# Force exerted from car on trailer question

1. Oct 12, 2013

### Joshuava

1. The problem statement, all variables and given/known data

A 1480(k)g car pulls a 300(k)g trailer. The car exerts a horizontal force of 3900(N) against the ground in order to accelerate.

What force does the car exert on the trailer? Assume an effective friction coefficient of 0.15 for the trailer.

2. Relevant equations
My question really is how to solve this problem correctly, but more so, correcting the mistakes I have made in my attempt in gathering a correct solution. I will just put all my work that way anyone who looks at this can easily follow my path and be able to correct my work.

3. The attempt at a solution

Normal force on car = 1480(kg) * 9.81(m/s^2) = 14518.8(N)
Friction on car = 14518.8(N) * 0.15 = 2177.82(N)

Normal force on trailer = 300(kg) * 9.81(m/s^2) = 2943(N)
Friction on trailer = 2943(N) * 0.15 = 441.45(N)

3900(N) in my problem will be working in the positive direction as the other forces are resisting movement due to friction:

F = 3900(N) - 2177.82(N) - 441.45(N) => 1280.73(N)

Now, using Newton's 2nd law of F = m * a, I have rearranged to solve for acceleration:
a = F / m

a = 1280.73(N) / [1480(kg) + 300(kg)] =>0.7195(m/s^2)

F(trailer)=m(trailer) * a(trailer) + any other additional forces acting on the trailer?

F(trailer) = 300(kg) * 0.7195(m/s^2) + 441.45(N) => 657.3(N)

660(N) is my solution.

Would anyone be kind enough to help correct my mistakes? I appreciate you taking the time to take a look!

Last edited: Oct 12, 2013
2. Oct 12, 2013

### lep11

It is said in the problem statement that 0.15 is for the trailer only so does that mean 3900N is a net force so kinetic friction on the car can be neglected?

Last edited: Oct 12, 2013
3. Oct 12, 2013

### Joshuava

This was copied directly from masteringphysics so I really cant answer that question...I just attempted to solve it as best I could, but my answer is not what it is looking for.

That would change the answer significantly.

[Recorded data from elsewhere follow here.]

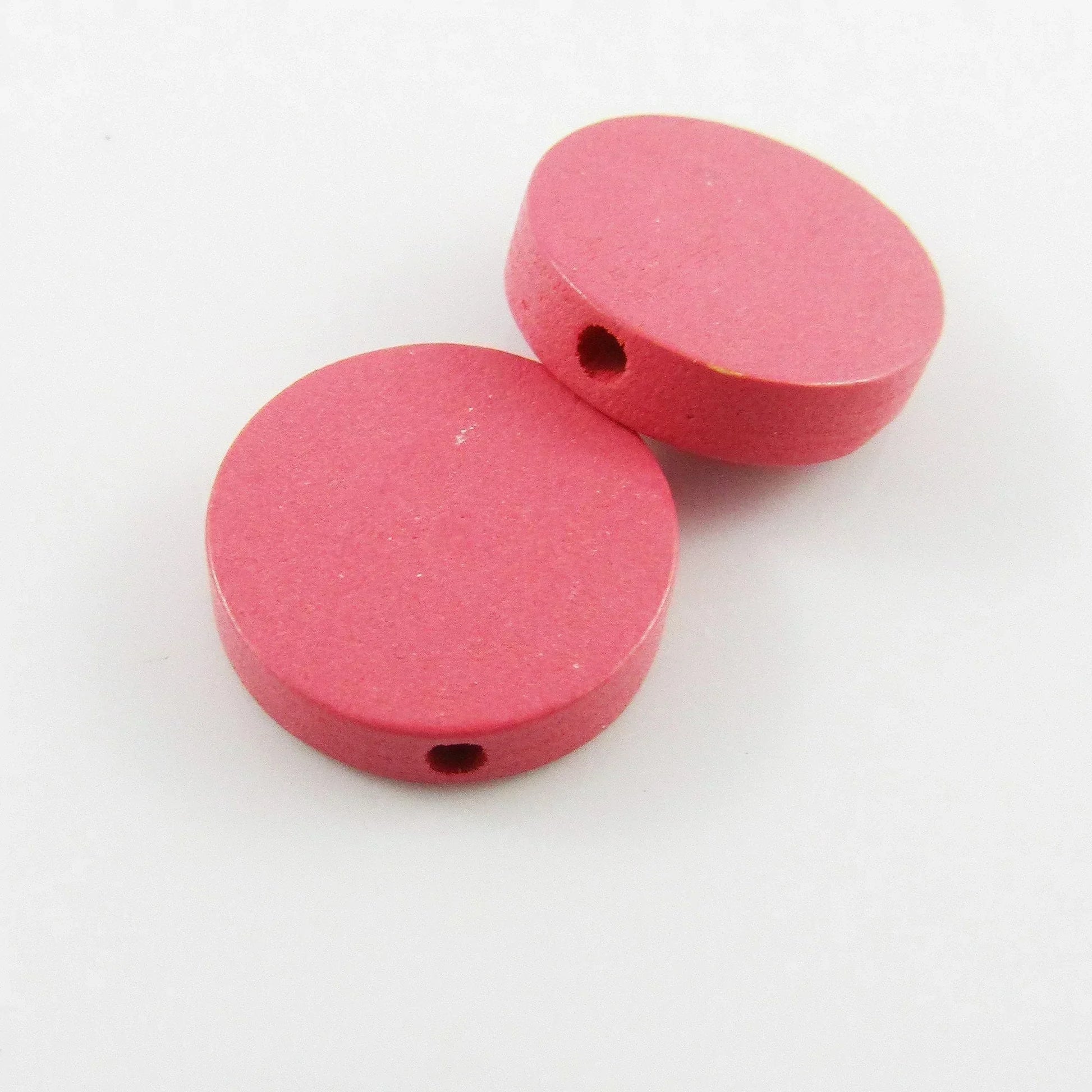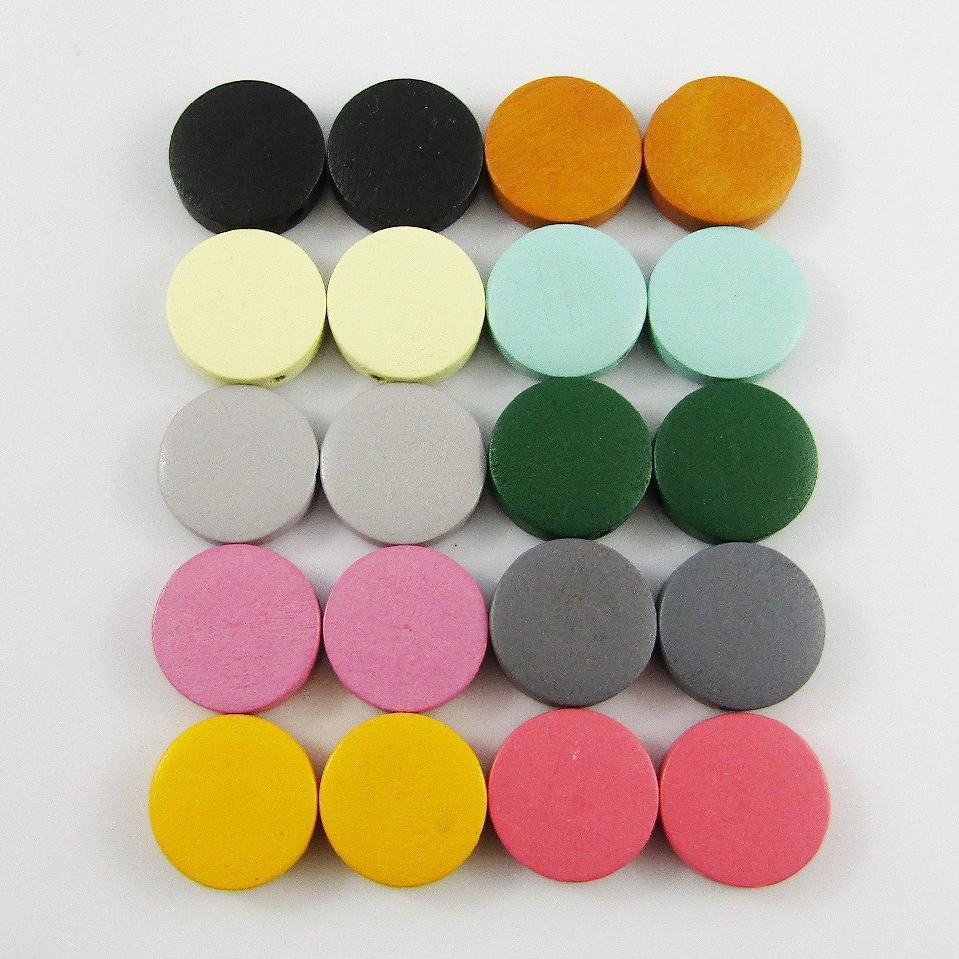 50pcs in random pairs Flat Round Disc Bead Painted Wood 15x4mm Hole 1.5mm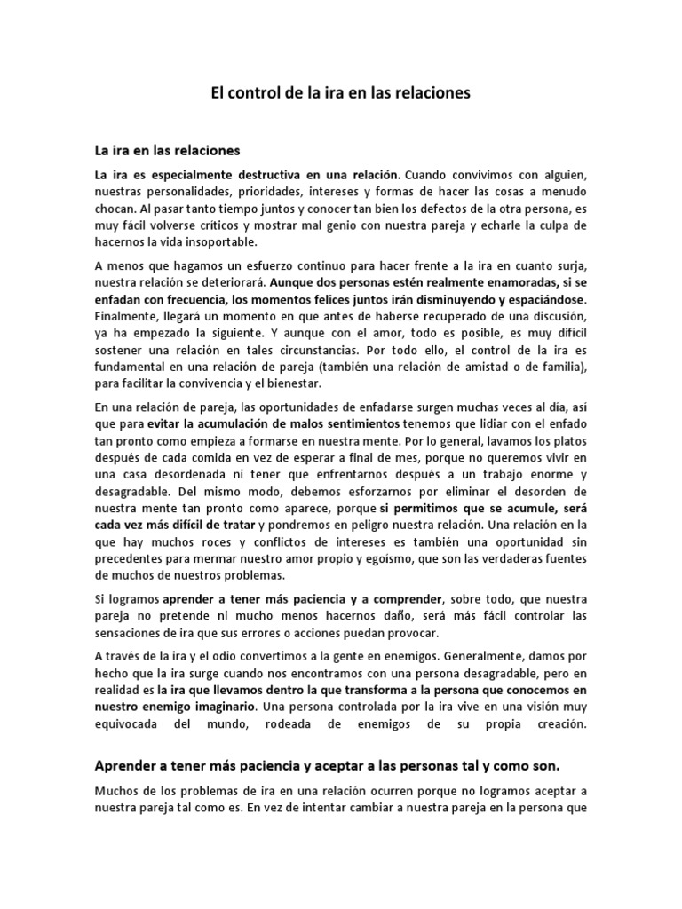sostener una relacin en tales circunstancias. Por todo ello, el control de la ira es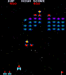 ![]() | Phoenix (1980) | Expanding on the Galaxian concept, Phoenix had 5 different waves of aliens, including some that you would just injure if you didn't shoot them dead center. The 5th wave was tackling the mothership, where you have to shoot the aliens that are protecting it, and then shoot through the hull of the ship, the rotating barrier beyond that, and then the head alien himself. You also have a shield that you can activate, but it takes 7 seconds to recharge it after it wears out. |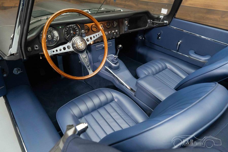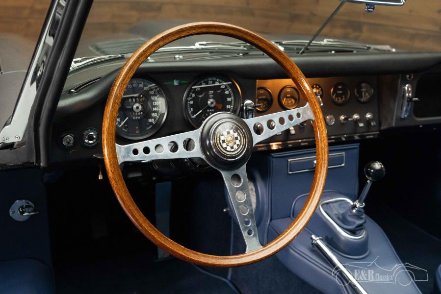 The E-Type series 1 Cabriolet that we offer for sale here is truly a sight to behold. It is finished in the beautiful colour Gunmetal Grey. A colour that looks great on the classic and combines very nicely with the chrome and the chrome spoke wheels. The dark blue leather interior contrasts beautifully with the paintwork and makes it a beautiful whole. A dark blue Sonnenland soft top was chosen that completes the overall picture.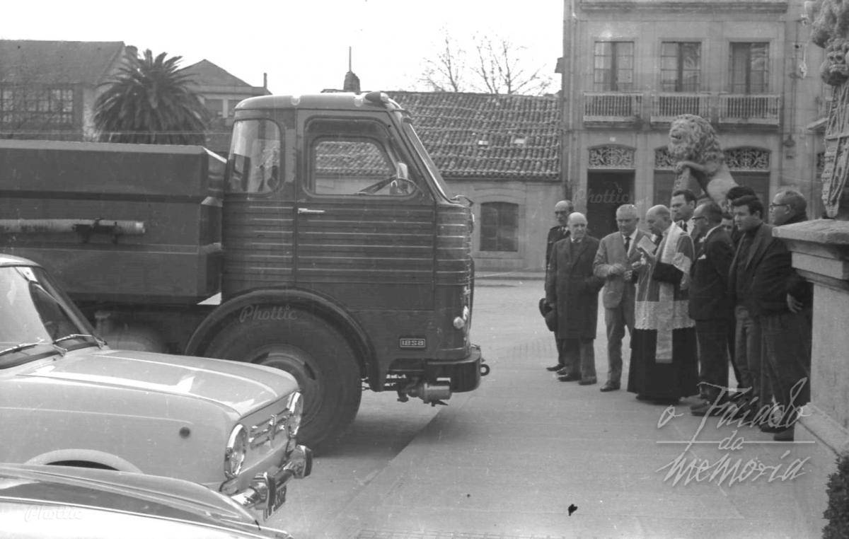Temos o cura Chantada, a Jose Martinez, o secretario do Ayuntamiento, Bazaci, o jefe dos guardias Dasilva, estan a bendecir, cousas da epoca, un novo camion para obras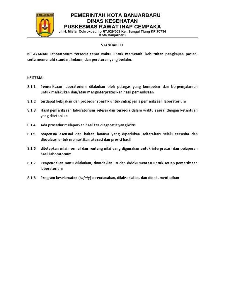 Maaf pak kus, saya dari . Contains the instrument of accreditation. Belajar akreditasi puskesmas, bab viii, tentang manajemen penunjang layanan klinis (mplk). Upaya meningkatkan akreditasi puskesmas ke tingkat. Selesainya dokumen akreditasi puskesmas dan penyiapan sdm dalam melakukan. Sk sop bab viii akreditasi by laili_bahtiar. Bab viii dan ix memiliki persentasi lebih dari atau sama dengan 20%. Layanan klinis yang berorientasi pasien (lkbp) 8.1. Manajemen penunjang layanan klinis (mplk) c) bab ix. Bab 8 akreditasi puskesmas pdf. Bab viii, ix ≥ 60 %. Akreditasi fktp puskesmas paripurna utama madya dasar tidak terakreditasi. 31 8.5.3.2 penanggung jawab pengelolaan keamanan lingkungan fisik puskesmas 32 8.6.1.1 memisahkan alat yang .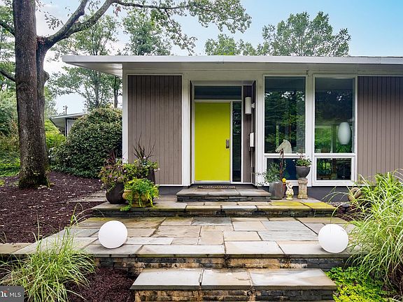This extraordinary Mid-Century Modern home designed by Architect Charles Goodman is located in the highly sought-after Hollin Hills community. Home has been thoughtfully expanded to over 2,300 square feet with additions by renowned architects Casper Neer and Eason Cross. Extensively remodeled while preserving its iconic MCM charm, the home welcomes you with an impressive entry foyer featuring soaring ceilings, a coat closet, and a striking bubble chandelier. A private home office boasts a brick wall with built-in shelving, ideal for work or study. The open-concept living spaces include a welcoming living room and cozy family room with a wood-burning fireplace and custom built-in bookshelves, as well as a separate dining room perfect for entertaining. The custom kitchen features a large center island with seating, granite countertops, stainless steel appliances, and direct access to the patio, making it a true centerpiece of the home. The main level includes a spacious primary suite with a built-in dresser, a large custom closet, and a beautifully remodeled en-suite bathroom showcasing a walk-in shower with custom marble tile. A second main-level bedroom offers a custom closet organizer and light filled windows. There is another remodeled full bathroom, complete with a skylight. A convenient main-level laundry closet adds to the home’s functionality. Upstairs, two additional bedrooms offer access to a Juliet balcony, with one bedroom featuring a walk-in closet. The large, sunlit lower-level recreation room provides additional living space, ideal for relaxing or entertaining as well as additional storage. Outdoor features include extensive hardscaping with a concrete driveway, slate patios and walkways that wrap around the home. The private, flat backyard is surrounded by mature landscaping and offers an ideal setting for outdoor gatherings. Additional storage is provided by both a detached outdoor shed and an attached exterior shed. With double-pane windows throughout and exceptional attention to detail, this home is filled with character and timeless style. Hollin Hills offers membership to 2 community pools as well as membership to a tennis and pickleball club. The scenic neighborhood boasts 7 parks, trails, an active Civic Association with seasonal celebrations, delicious super society and a friendly, close-knit environment. A commuter's dream location minutes from GW Parkway and trails, DC & the Pentagon; and south to Fort Belvoir, or north to Andrews AFB & Tysons Corner via I-495. This special address is an idyllic sanctuary to call home!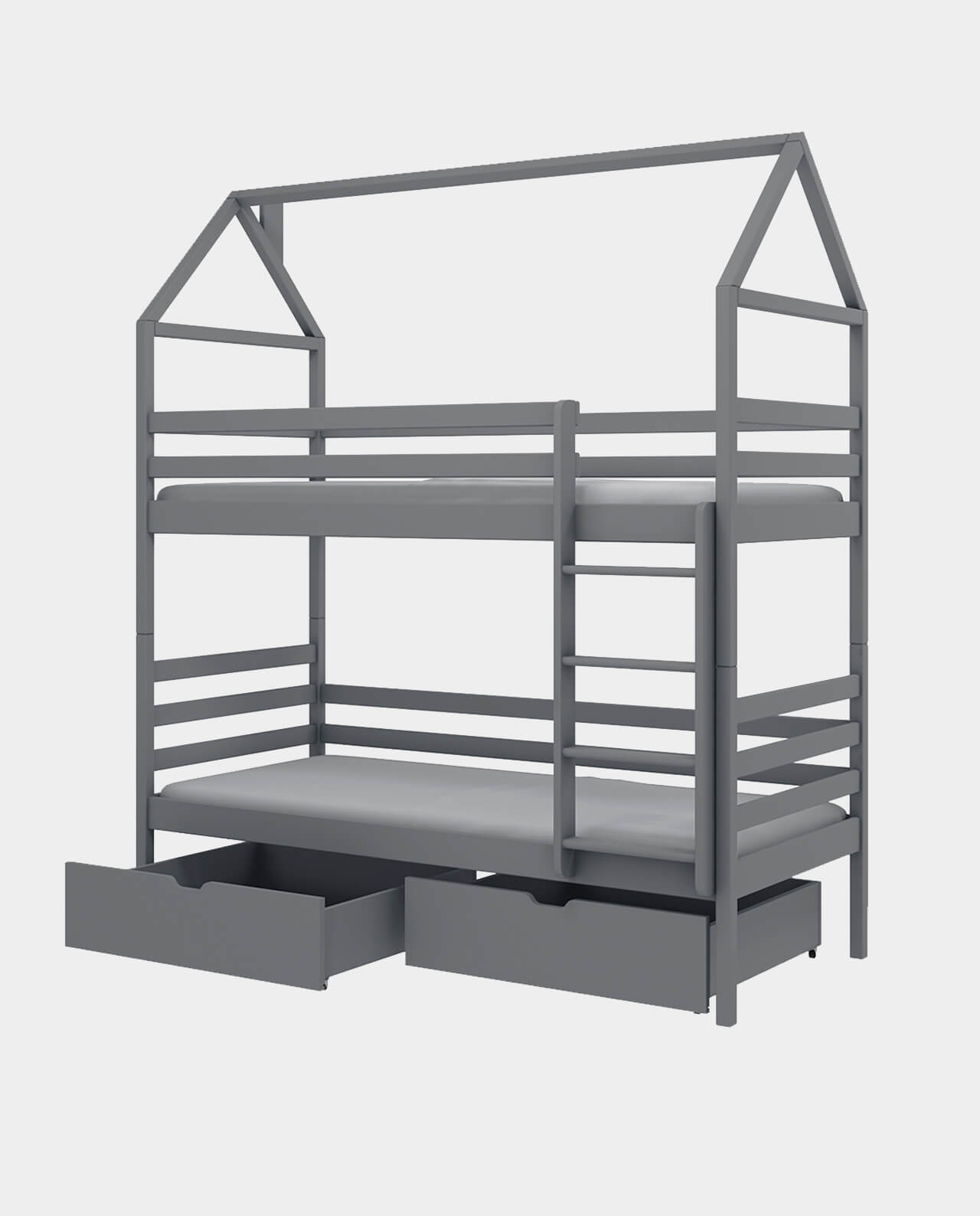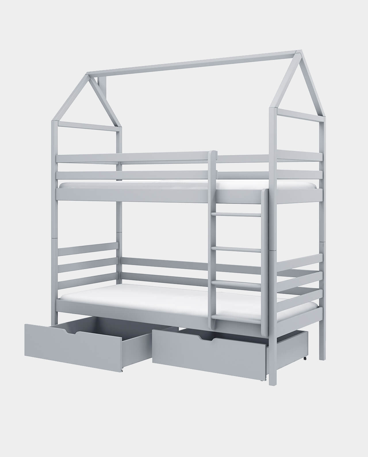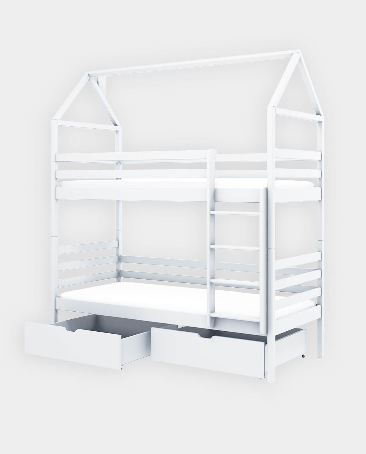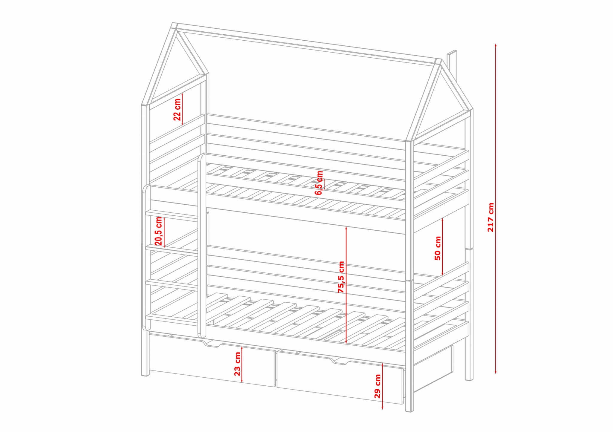 Das Etagenbett ALEX in der Größe 90×200 cm wird aus massiver Kiefer aus nachhaltiger Waldwirtschaft (FSC-zertifiziert) gefertigt. Das Kinderbett wird inklusive zwei Schubladen geliefert. Diese bieten zusätzlichen Stauraum unter dem Etagenbett. Das Bett wird gemäß der Norm EN-747-1: 2012 + A1: 2015 gefertigt, wodurch das Produkt den höchsten Sicherheitsstandards entspricht. Die Leiter kann sowohl auf der linken als auch auf der rechten Seite an der Bettfront angebracht werden. Die Leiter kommt mit breiten Sprossen, die für ein bequemes Auf- und Absteigen sorgen. Die Farben (Lackierungen) sind auf Wasserbasis gemäß EN 71-3: 2019 und frei von Schadstoffen. Zwei Lattenroste sind bereits inklusive. Eine Matratze ist nicht inklusive. Dekorationen sind nicht Teil der Lieferung. Das Bett kann in zwei einzelne Kinderbetten umgebaut werden. So wird die Lebensdauer dieses Bettes verlängert und trägt zu einer nachhaltigeren Nutzung bei.
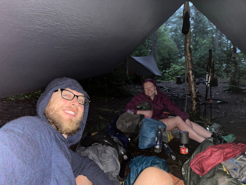 Birthday and I hiked the last 4 miles together into camp. It started raining just before we got to the tent sites at Little Swift River Pond (Mile 1969). I threw up the tarp to get out of the rain. I purposefully didn’t set up my hammock so we could all eat dinner together out of the rain. Aqua, Genie, Splitzy, and Birthday all joined me for dinner under the tarp before bed.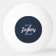 Cette balle de ping-pong personnalisée est dotée d'un monogramme gris bleu et d'un nom de script rétro blanc sur un arrière - plan bleu marine.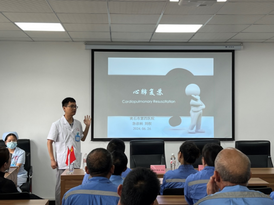 隨后,黃石市第四醫(yī)院急診科醫(yī)生劉權(quán)通過理論講解、示范操作、互動交流和現(xiàn)場演練等方式,系統(tǒng)講授了如何實施心肺復(fù)蘇術(shù),對確認(rèn)現(xiàn)場環(huán)境、判斷意識、呼救求助、胸外按壓、開放氣道、人工呼吸、重新評價生命指證等環(huán)節(jié)一一進(jìn)行詳細(xì)講解和演示,并與大家積極互動,幫助參訓(xùn)人員在實際操作中感受了整個急救過程,較好地掌握了心肺復(fù)蘇法的操作技能,現(xiàn)場氣氛熱烈,培訓(xùn)效果很好。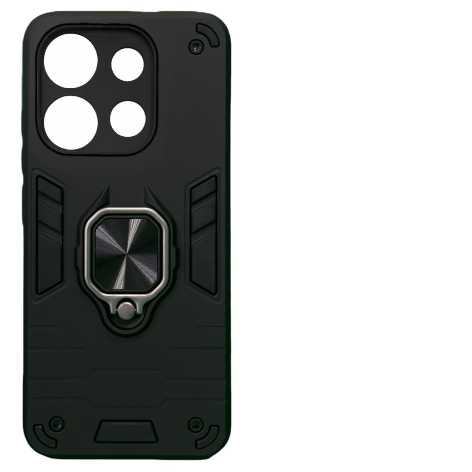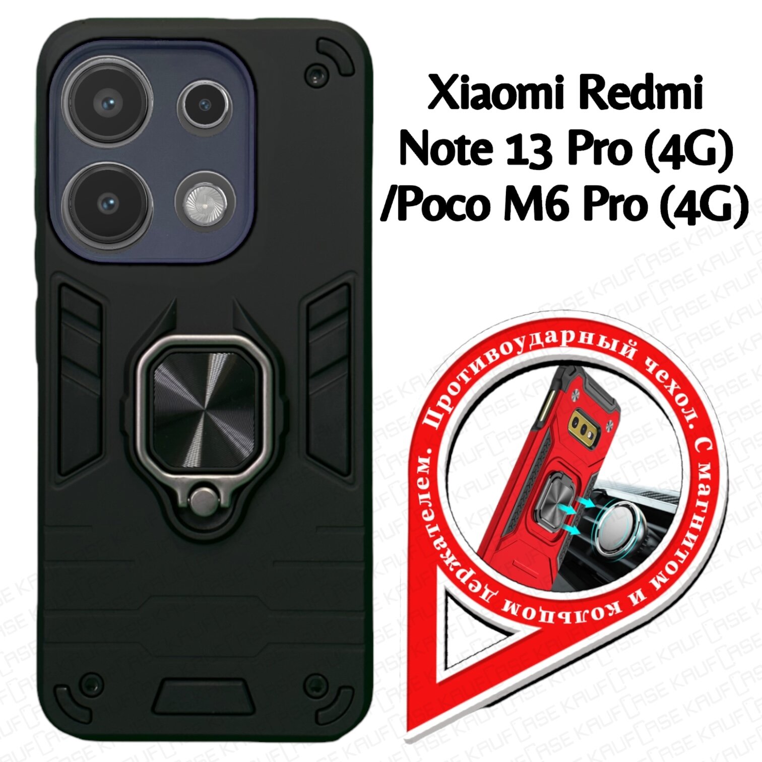 Купить Противоударный чехол на Xiaomi Redmi Note 13 Pro 4G/ Poco M6 Pro (6.67"), черный. Кольцо-держатель и магнитное крепление, яркие пластиковые защитные вставки

The new F would be 3458.55(N)

acceleration would change to 1.94(m/s^2)

The new F(trailer) would be 300(kg) * 1.94(m/s^2) + 441.45 => 1024.35(N)?

Last edited: Oct 12, 2013
4. Oct 12, 2013

### lep11

What is it looking for, then?

5. Oct 12, 2013

### Joshuava

I believe the question is looking for the amount of force that is exerted onto the trailer by the car. It wants the answer in 2 significant digits, and with my experience thus far, I don't imagine an answer would be 1.0E3(N)

6. Oct 12, 2013

### lep11

Yes, but do you know what the answer should be? I got T≈1024N

7. Oct 12, 2013

### lep11

Draw free-body diagrams for the car and trailer

Newton second
for Car F-T=mcar*a
for Trailer T-Fμ=mtrailer*a
they have equal acceleration a and T is the force the car exerts on the trailer or vice versa(Newton III) You don't even have to calculate a, just solve for T and substitute it into car equation.

8. Oct 12, 2013

### Joshuava

Awesome, now I understand it all. Thanks so much for your help! By the way, I put in 1000 for the solution and it accepted it, even though it was asking for 2 sig figs.